C'est évidemment excessivement dangereux parce que aucun automatisme n'est parfait, aucun programme informatique n'est parfait, il peut y avoir des bogues, il y en a toujours d'ailleurs car dès qu'un programme est un peu gros il contient des erreurs. Il peut y avoir des événements imprévus et à la vitesse de la microseconde l'être humain ne peut plus intervenir pour reprendre la main. Donc on a une finance qui est devenue une usine à crise, ce qui se manifeste soit globalement par des évolutions de cours erratiques comme on l'a vu un jour à Wall Street, soit même dans le détail : vous avez des entreprises dont le cours de l'action se met à chuter d'un coup sans aucune raison réelle, ça crée des volatilités tout à fait artificielles.

Laurent Faibis : Revenons au système productif stricto sensu. Donc développement de l'informatisation, développement de la globalisation alors que le mouvement naturel aurait été de renforcer l'intensité capitalistique de la production, d'automatiser davantage, d'informatiser davantage, et finalement la globalisation va agir comme un frein. D'ailleurs il assez intéressant de voir qu'en 1990 est publié en France un livre de Benjamin Coriat qui décrivait un monde et des usines automatisés. Ce qui va se passer en réalité, c'est qu’au lieu d'avoir une substitution du capital au travail massive c'est une substitution du travail au capital, ou du travail à bon marché au capital.

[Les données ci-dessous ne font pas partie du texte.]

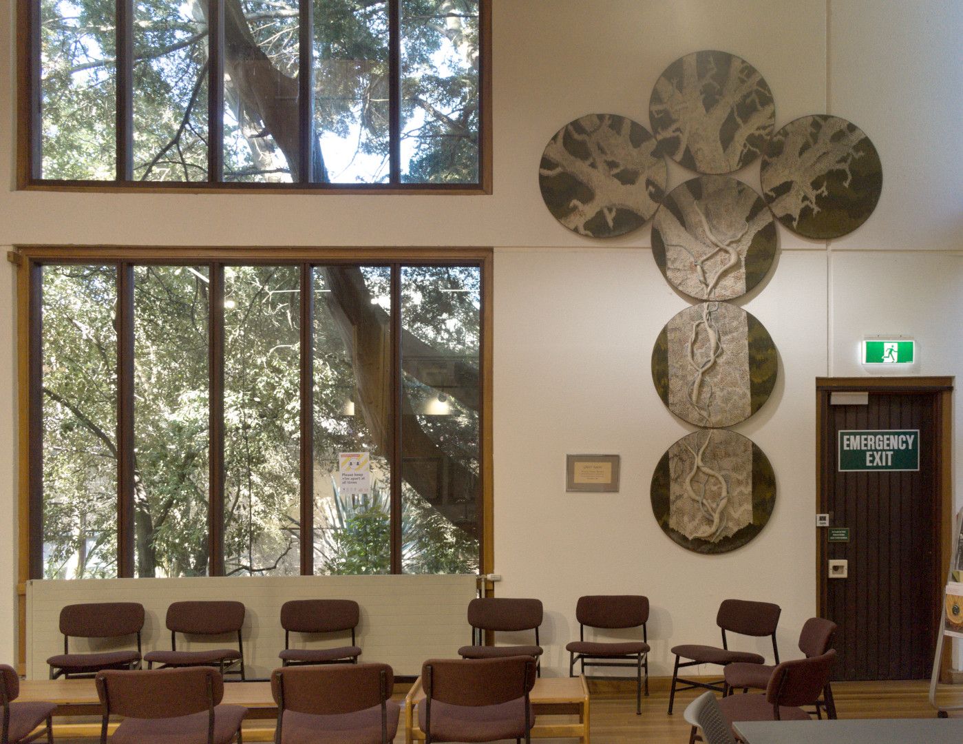 Six circular panels that joint to reveal the form of a giant kauri tree, evocative of Mountford's time in the Waipoua Kauri Forest on the Auckland Peninsula, north of Dargaville. The work demonstrates the artist's concern for conservation and ecological balance. She considered the circle a universal symbol of growth and fulfilment, encouraging contemplation and constant re-evaluation, applicable to both physical and spiritual cycles.

Michel Volle : Vous faites bien de d'évoquer le livre de Benjamin Coriat en 1990, c’est en effet remarquable, il fait suite lui même au livre de Bertrand Gille intitulé Histoire des techniques chez Gallimard dans la collection de la Pléiade en 78, qui fait lui-même suite à des réflexions animées par Philippe Roqueplo dans les années soixante-dix.
À partir de ce moment là arrive effectivement à la conscience de certains économistes le phénomène du changement de système technique : on a eu un système productif bâti sur la synergie entre la mécanique la chimie et l'énergie, le symbole de ce système productif c'était l’usine avec ses cheminées, les engrenages, la cornue des chimistes et peut-être le pylône du transport d'électricité, et arrive une nouvelle synergie qui est celle qui se bâtit sur la microélectronique, le logiciel et l'Internet.
À partir de ce moment là ces théoriciens anticipent ce qui va effectivement se déployer dans les années qui suivent : l'automatisation de la production des biens, donc l'automatisation des usines, le fait que l'emploi va être éliminé dans les usines à peu de choses près. Vous savez ce que dit Barack Obama en ce moment ? il dit « c'est quand même curieux, dans les entreprises avant on utilisait mille ouvriers pour produire, aujourd'hui on n’en utilise que 100 et on produit beaucoup plus et beaucoup mieux ». C'est ça le phénomène : l’usine s'est vidée de ses effectifs exactement comme l'agriculture s'est vidée de ses effectifs au XIXe siècle.

Laurent Faibis : L’usine occidentale.

Michel Volle : Alors en effet la délocalisation, le fait d'utiliser une main d’œuvre peu coûteuse mais quand même qualifiée dans des pays émergents, a été un frein par rapport à ce phénomène, mais il reste massif, il reste l'horizon. À un moment donné le pouvoir d'achat des travailleurs en Chine va monter, d'ailleurs il est en train de monter, et on se rendra compte qu’il y a dans le système productif actuel, dans son socle physique, cette contrainte de l'automatisation de la production des biens. Ça va devenir la règle.